Non, c’est un système, et il est bon. Je lui dois ma réputation.

Hector.

Le fait est qu’elle est très-bien établie… On a voulu hasarder quelques doutes, mais on a été repoussé avec indignation.

Madame de Blossac avec agitation et amertume.

Que voulez-vous ? le monde est fait ainsi, il demande à être trompé. Si j’étais simplement honnête, il me calomnierait… je suis hypocrite, il le devine, et il me respecte lui-même avec hypocrisie ; nous nous comprenons, lui et moi. Ah ! je le connais… une vertu discrète, véritable, le rendrait jaloux ; s’il admet celle que l’on étale à ses yeux, c’est que son instinct lui dit qu’elle est fausse et qu’elle n’a pas le droit de l’humilier. Sa vénération imméritée est encore une hypocrisie, car ce n’est pas la vertu qu’il aime, c’est la comédie de la vertu ; ce n’est pas une admiration réelle qui convient à son envie, non, non : ce que veut le monde, c’est la comédie de l’admiration pour la comédie de la vertu.

Hector.

Quelle profondeur ! vous m’épouvantez ! Et, dites-moi, d’où vient que vous dédaignez de la jouer pour moi, cette comédie que vous jouez si bien pour le monde ?
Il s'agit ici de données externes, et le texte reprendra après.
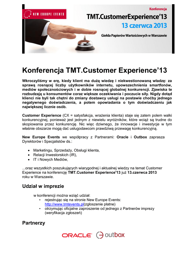 Konferencja TMT.Customer Experience’13 Wkroczyliśmy w erę, kiedy klient ma dużą wiedzę i niekwestionowaną władzę: za sprawą rosnącej liczby użytkowników internetu, upowszechnienia smartfonów, mediów społecznościowych i w dobie rosnącej globalnej konkurencji. Zjawiska te rozbudzają u konsumentów coraz większe oczekiwania i poczucie siły. Nigdy dotąd klienci nie byli tak chętni do zmiany dostawcy usługi na postawie choćby jednego negatywnego doświadczenia, a potem opowiadania o tym doświadczeniu jak największej licznie osób. Customer Experience (CX = satysfakcja, wrażenia klienta) staje się zatem polem walki konkurencyjnej, ponieważ jest jednym z niewielu wyróżników, które wciąż są trudne do skopiowania przez konkurencję. Nic więc dziwnego, że innowacje i inwestycje w tym właśnie obszarze mogą dać usługodawcom prawdziwą przewagę konkurencyjną. New Europe Events we współpracy z Partnerami: Oracle i Outbox zaprasza Dyrektorów i Specjalistów ds.: Marketingu, Sprzedaży, Obsługi klienta, Relacji Inwestorskich (IR), IT i Nowych Mediów, ...oraz wszystkich poszukujących wiarygodnej i aktualnej wiedzy na temat Customer Experience na konferencję TMT.Customer Experience'13 już 13.czerwca 2013 roku w Warszawie. Udział w imprezie w konferencji można wziąć udział: • rejestrując się na stronie New Europe Events: http://www.tmtevents.pl(zgłoszenie płatne) • otrzymując oficjalne zaproszenie od jednego z Partnerów imprezy (weryfikacja zgłoszeń) Partnerzy Program konferencji: TMT.Customer Experience'13, 13 czerwca 2013, Warszawa 09.00 - 10:00 Rejestracja uczestników i poranna kawa / powitalna herbata 10:00 Powitanie i przedstawienie agendy dnia Michał Faber, moderator 10:00 - 10:30 Prezentacja: Korporacje wchodzą w świat social media: dlaczego Oracle zainwestowało w RightNow? Allan Rechtman, Oracle 10:30 - 11:00 Prezentacja: Czy CRM rzeczywiście może napędzać cross-channel customer experience? Richard Thomas, Outbox 11:00 - 11:30 Prezentacja: Satysfakcja klientów a wycena przedsiębiorstwa i wartość dla akcjonariuszy Damian Atroszczak, Grant Thornton 11:30 - 12:00 Prezentacja: Wpływ wykorzystania smartfonów i social media na zachowania klientów Yuri Drabent , Lubię to 12.00 - 12:20 Przerwa na kawę i networking 12.20 - 13:45 Dyskusja panelowa: Case studies zarządzania emocjami i customer experience w sytuacjach kryzysowych. Czy warto inwestować w customer experience? Jakich efektów oczekiwać? Goście panelu: Marcin Gruszka, Play Ilona Grzywińska, Webkomunikacja Arkadiusz Mierzwa, nc+ Marcin Nowak, Orange Richard Thomas, Outbox 13.45 - 14:00 Podsumowanie i zakończenie konferencji O New Europe Events New Europe Events specjalizuje się w zarządzaniu projektami event marketingowymi realizującymi cele zleceniodawców prowadzących działalność w nowych krajach członkowskich Unii Europejskiej. Spółka organizuje zarówno otwarte konferencje tematyczne, konferencje prasowe jak i wydarzenia o nietypowej formule. Flagowym produktem konferencyjnym New Europe Events są cykliczne imprezy "TMT Executive Seminar" organizowane dla branży telekomunikacji, nowych mediów oraz innowacyjnych technologii. Kontakt Ewa Stępień, New Europe Events, http://www.tmtevents.pl [email protected], tel. 22 853 37 76, kom. 607 805 239

Madame de Blossac avec exaltation.

Pourquoi ?… parce que je ne peux pas la jouer pour vous. Je ne sais quel empire vous avez sur moi, mais près de vous j’éprouve le désir, le besoin de la sincérité ; votre présence seule décompose tous mes plans de ruses. Est-ce votre loyauté qui commande à la mienne ? est-ce ma bonne nature, faussée par le monde, que vous faites revivre ? ou bien est-ce l’amour, l’amour qui me métamorphose ? je l’ignore. Ce qu’il y a de certain, c’est que je trouve un charme inexprimable à parler pour la première fois avec franchise ; mon masque est tombé, et je sens avec délices l’air pur et frais sur mon visage. Ma voix, délivrée de sa contrainte, a des accents de naïveté qui me ravissent ; mes regards se relèvent avec orgueil pour exprimer bravement ma pensée ; je plane au-dessus du mensonge, je nage en pleine vérité. Ah ! monsieur de Renneville, quel beau sentiment que l’amour !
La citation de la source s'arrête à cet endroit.